Recorded information.
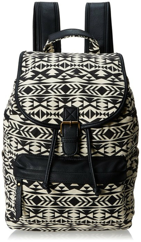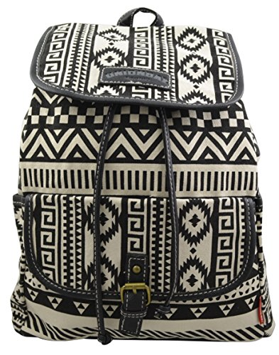 Amazon.com price at 2:09 pm UTC -Details Beautiful printed canvas backpack. The best fashion backpack for day or night, school or travel. Perfect for any age! Roomy cinch-top interior with zippered pocket, offer plenty of space for your stuff. Product Features -Canvas and Woven Material with stamped Tribal Aztec Black and white print.
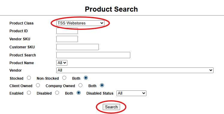 Now that all of your items have been created, go into the Product Search and select your product class.
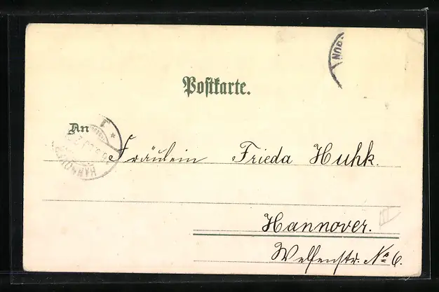 gelaufen 1900, Briefmarke entfernt, Eckknicke oben, Stempelspur, guter Zustand
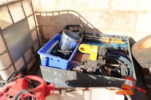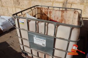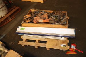 IBC CONTAINING, PUSH BEHIND SWEEPER & ASSORTED LIFTING CHAINS & TIEFOR

Problem details.
Repeat the listing in full and to the letter, excluding every image.

Written response.
 Amazon.com price at 2:09 pm UTC -Details Beautiful printed canvas backpack. The best fashion backpack for day or night, school or travel. Perfect for any age! Roomy cinch-top interior with zippered pocket, offer plenty of space for your stuff. Product Features -Canvas and Woven Material with stamped Tribal Aztec Black and white print.
 Now that all of your items have been created, go into the Product Search and select your product class.
 gelaufen 1900, Briefmarke entfernt, Eckknicke oben, Stempelspur, guter Zustand
 IBC CONTAINING, PUSH BEHIND SWEEPER & ASSORTED LIFTING CHAINS & TIEFOR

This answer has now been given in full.